Poetry
Polymathy
Platings
Merch
About
Contact

Clattering East

Poetry & Polymathy from the Baby Boom's Rear Flank
Poetry
Polymathy
Platings
Merch
About
Contact

Detail of Sculpture of David with the Head of Goliath, Andrea del Verrocchio

Bully Besting

“He’s not supposed to fight back, he’s supposed to have thick skin.
He’s supposed to lay down and die when his door is kicked in.”
— Bob Dylan, "Neighborhood Bully" from the album Infidels

I got bullied a fair bit when I was a kid. Nothing horrible. A bunch of name calling. Some banal Jew hatred. The occasional shove. Every once in a while, some kid would get more physical.

In junior high school a small kid, probably six inches shorter than I picked me out to get hostile with for reasons I never understood. He started confronting me in the hallways. I wasn’t afraid of him. He was a tiny thing, but I didn’t want to fight. Well, maybe it wasn’t that I didn’t want to fight, I had no idea how to fight, having been raised a pacifist. I tried to flee but a school is a small place. There was nowhere to go. One day he decided to pursue me. I ran into the principal’s office, and he followed me in.

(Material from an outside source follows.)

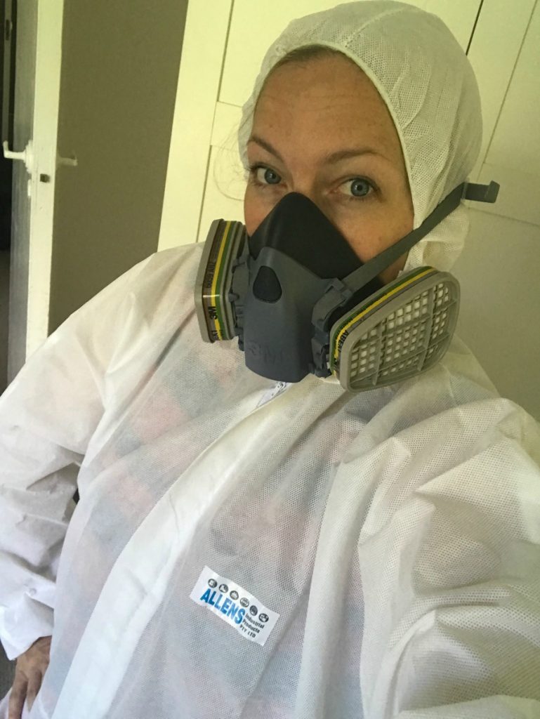 Me in my suit! Hilarious to look at but I’m so grateful for how it protected me as I worked through everything in the old place.
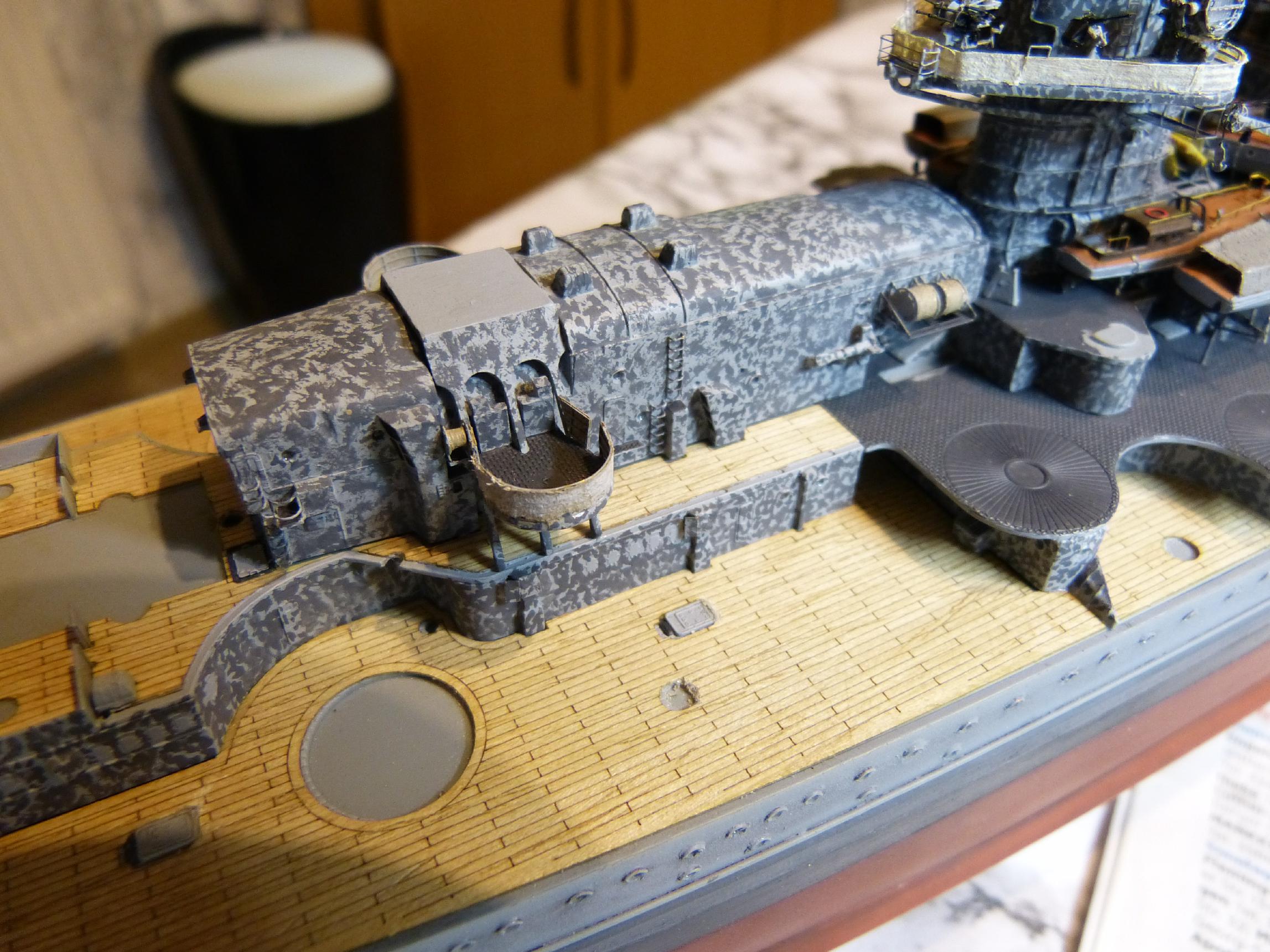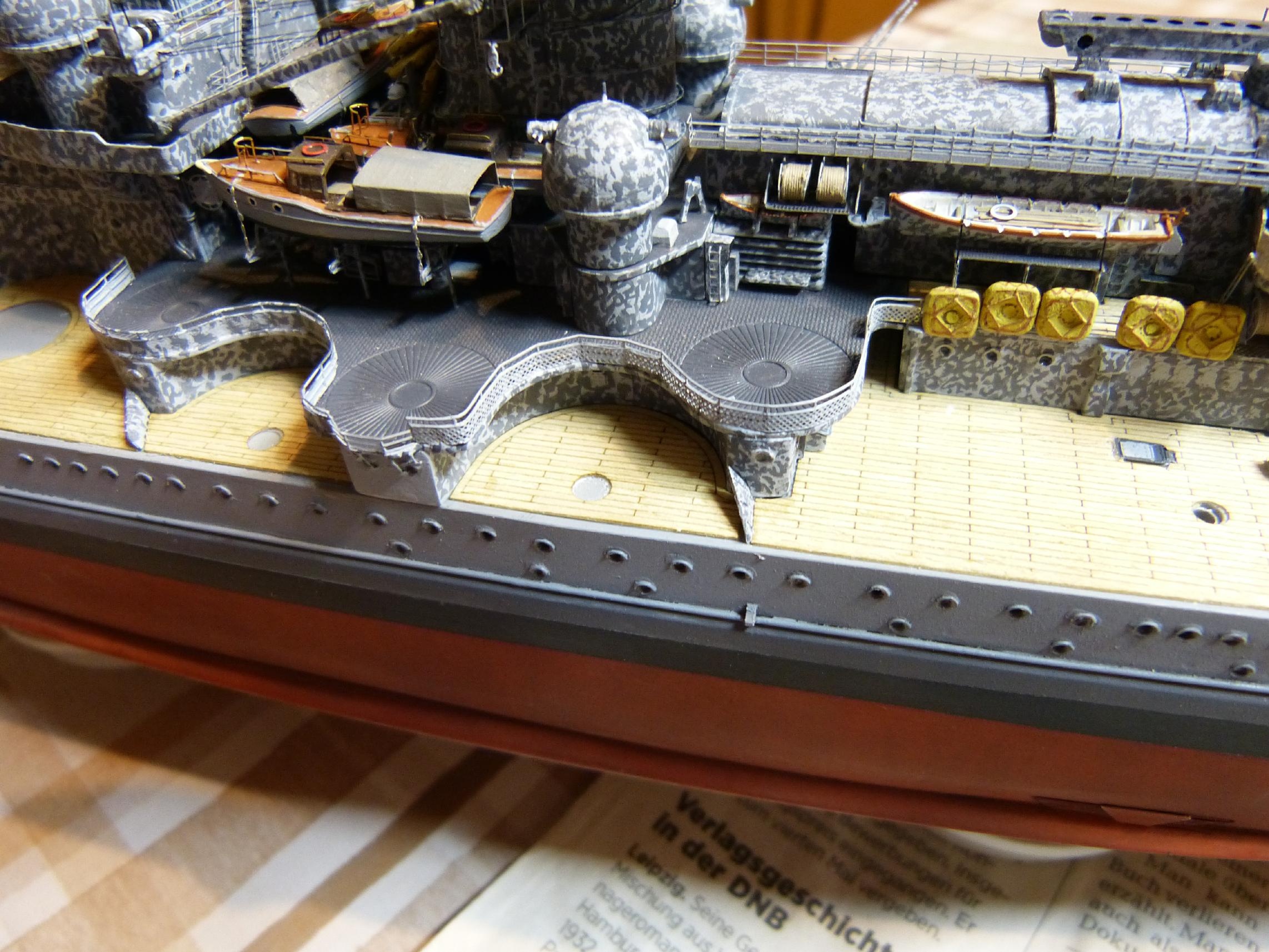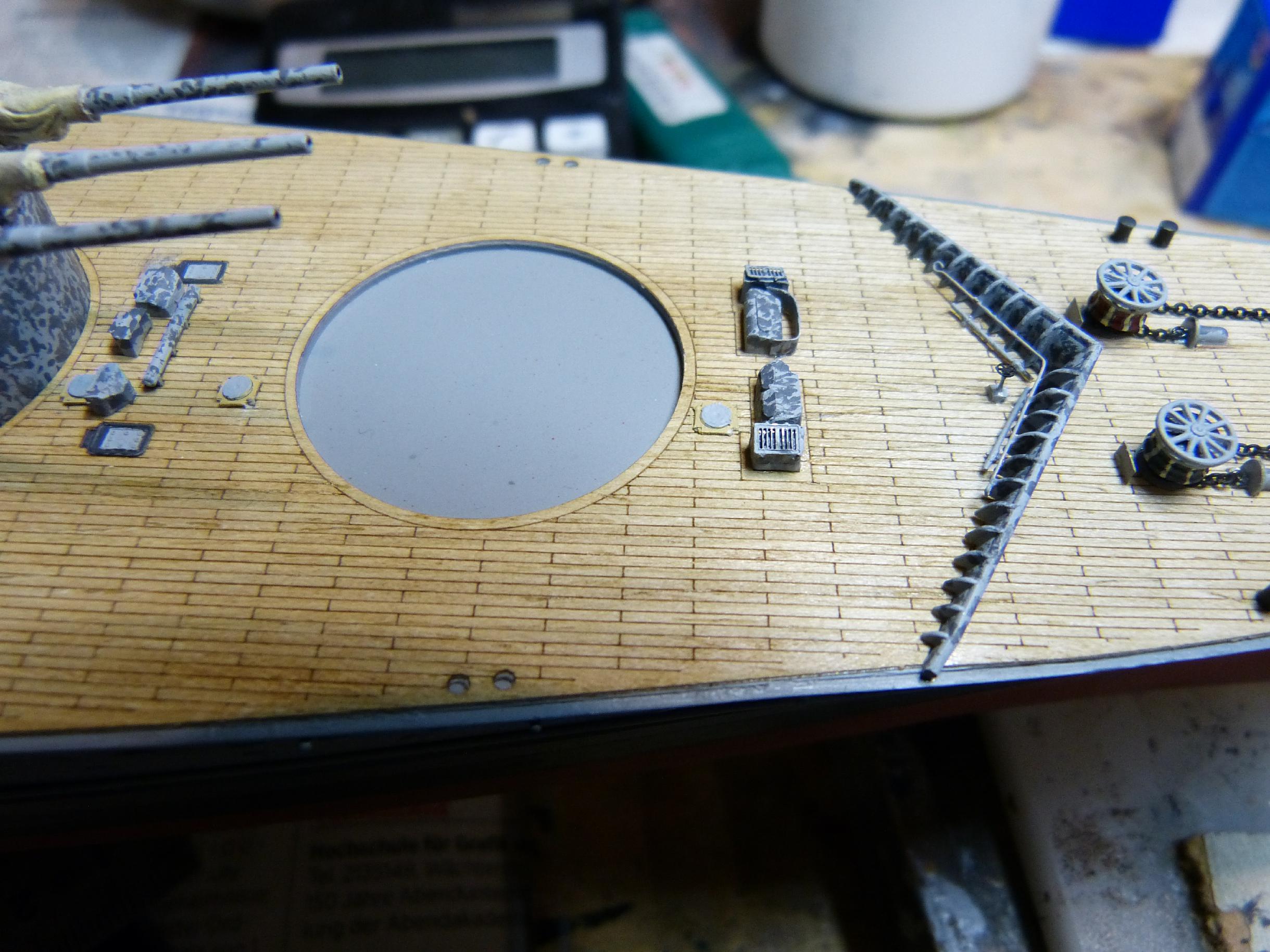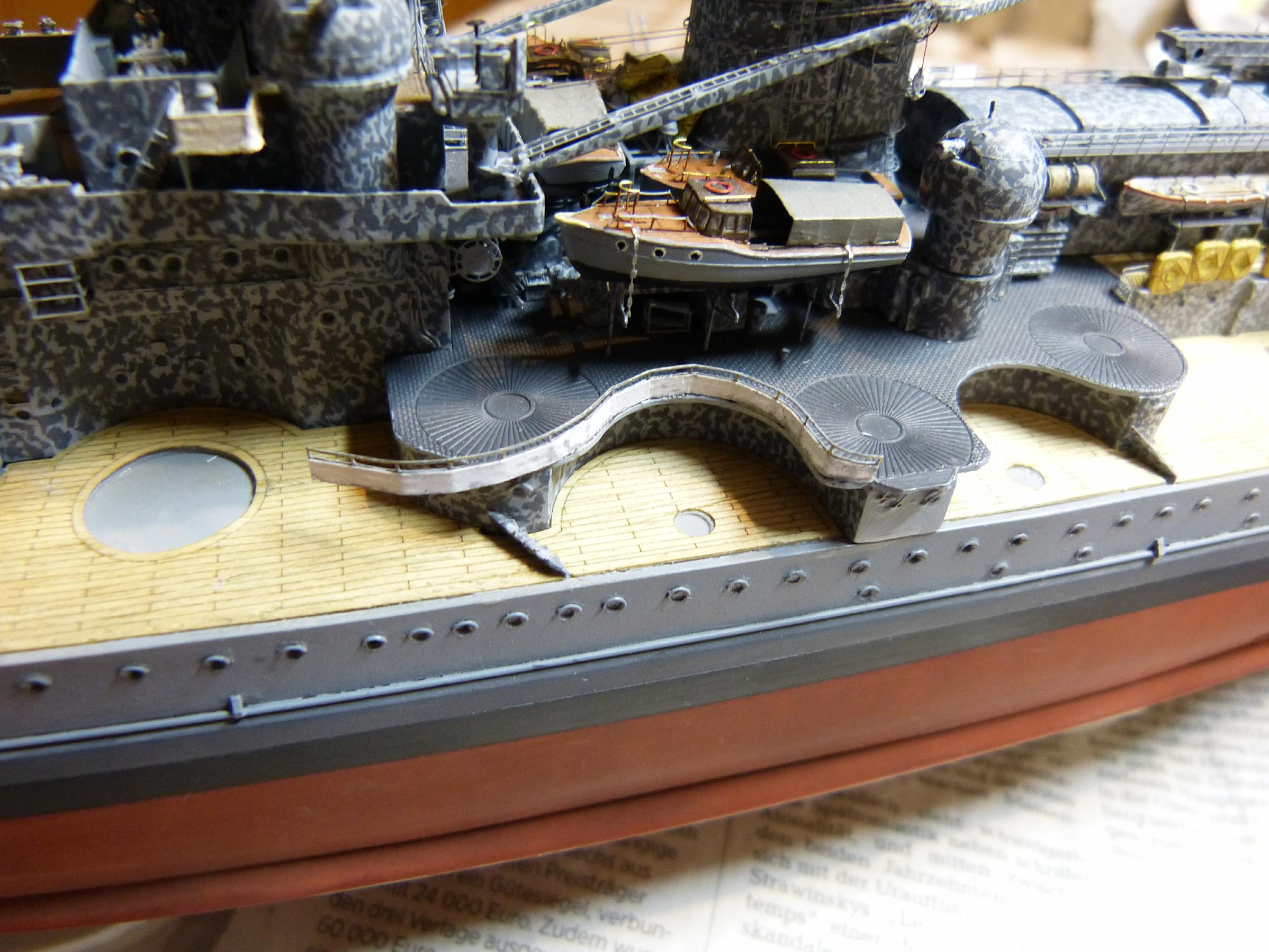 Die großen Reservebehälter sind eine Mischung aus Holz und dünnem Plastiksheet drumherum. Der Überhangkran das besagte Dragon-Ätzi, der Rest inkl. Torpedotransportwiege Fullscratch. Nebenbei habe ich dann noch die großen Kräne fertiggestellt (Dragon + KA-Ätzis + Rigging Black 0,135 mm) und positioniert. Die hinteren MA-Türme fanden nun auch ihren festen Platz.

The principal talked with each of us separately. When I expressed complete bewilderment as to why this kid had it in for me, the principal told me that the kid had said I had called him “no neck.” When I continued to be confused, the principal explained that the kid had a deformity and had a very short neck. I hadn’t noticed this much less made a comment about it. The kid wasn’t on my radar. I couldn’t have told you his name. We had no classes together. We had never spoke a word to one another as I recall. If I had spoken to him, I certainly wouldn’t have insulted his disability and as I said, I wasn’t aware he had one.

The principal suspended us both. The other kid got three days off from school; I got one. The principal told my mom that he knew I had done nothing wrong, but he would be perceived as unfair if I got no punishment. I thought it would have more fair if I also had gotten three days off from school!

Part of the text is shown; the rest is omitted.